I transformed from latin1 to utf8. Although a variety of text was exhibiting fine I observed non-british figures were saved within the database as strange symbols. I spent each day attempting to fix that and lastly now non-british figures display as non-british figures within the database and display exactly the same around the browser. However observed which i see apostrophes saved as
' and exclamation marks saved as
!. Is normal, or whenever they be showing up as ' and ! within the database rather?
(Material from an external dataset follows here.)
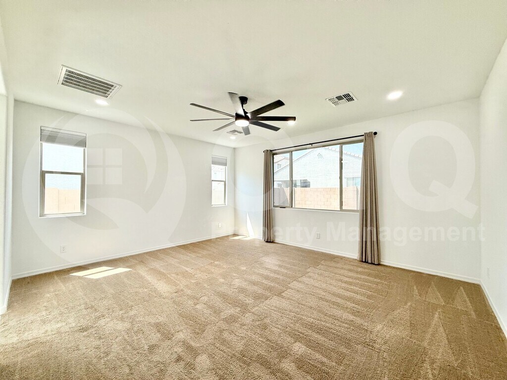 3,462 SQ FT! Stunning 5 bedroom, 3.5 bathroom two-story home in Surprise’s desirable Rancho Mercado Parcel A12 neighborhood. The elegant kitchen features all appliances in their proper locations: Refrigerator, Oven, Microwave, Dishwasher, and Garbage Disposal, with a second Refrigerator conveniently located in the pantry, combining style and functionality for everyday living and entertaining. Spacious living areas with carpet and tile flooring in all the right places create an inviting atmosphere for both relaxing and hosting guests. A flexible bonus space upstairs, complete with a walk-in closet, provides the perfect option for a home office or den. The primary suite includes a generous walk-in closet and a well-appointed ensuite bath, while three additional bedrooms are nicely sized to accommodate family or guests. The laundry room comes equipped with a Washer and Dryer for convenience. Additional upgrades include an Aquasure water system, Aquasana water filtration, a tankless water heater, and dual AC units. Parking is provided by a 2-car garage and a 1-car garage, both with new epoxy flooring. Step outside to enjoy the private backyard with a covered patio, ideal for outdoor living. Located in Rancho Mercado Parcel A12, this home offers easy access to schools, parks, dining, and entertainment in the heart of Surprise. Pet Policy: Dogs and Cats Allowed APPLICATION: $65 Application Fee Per Applicant 18 years or older (Nonrefundable). Please allow 24 to 72 business hours to process the Application once all required documents are submitted by all applicants. Submit your application: LEASE LENGTH: 12-month Minimum (Longer Lease Term may be negotiable) INITIAL MOVE-IN COSTS: Upon application approval, a nonrefundable Holding Retainer will be required to secure the property and will be applied towards the move-in costs. The Holding Retainer amount is determined by the type of Security Deposit option you choose. Applicants can choose between a traditional Security Deposit which may be 1.25 times the monthly rent but not greater than 1.5 times the monthly rent (75% refundable) or a Security Deposit Alternative program (only available on long-term leases of 12 months or more). To learn more about the Security Deposit Alternative benefits, visit . A $250 one-time lease preparation fee as well as the first month's rent is due prior to move-in. If the Applicant has a Pet, $150 Non-Refundable Pet Fee per pet. RECURRING MONTHLY COSTS: There is a 3.3% Administration Fee. If the Applicant has a Pet, a $35 Pet Rent Per Pet (Does Not Apply to Assistive Animals). All On Q Property Management Residents are enrolled in the Resident Benefits Package for $39 or $49 with pets, which includes liability insurance, credit building to help boost the resident's credit score with timely rent payments, move-in concierge service making utility connection and home service setup a breeze during your move-in, Renter to Buyer program, and much more! *Other terms and conditions may apply. The list price is the base rent and recurring monthly costs may apply. All information including advertised rent and other charges are deemed reliable but not guaranteed and is subject to change. By submitting your information on this page you consent to being contacted by the Property Manager and RentEngine via SMS, phone, or email.

If that's the case, an amount I have to do to be able to fix that?
It truly is dependent on which you want related to the items in the database. In case your invariant is the fact that "items in the database are disinfected and might be placed directly inside a web site without further validation/sanitization", then getting &amp along with other html organizations inside your database makes sense. If, however, your database would be to store just the raw original data, and you want to process it/sanitize it, before exhibiting it in Web coding, then you definitely should most likely replace these organizations using the original figures, encoded using UTF-8. So, it truly is dependent how you interpret your database content.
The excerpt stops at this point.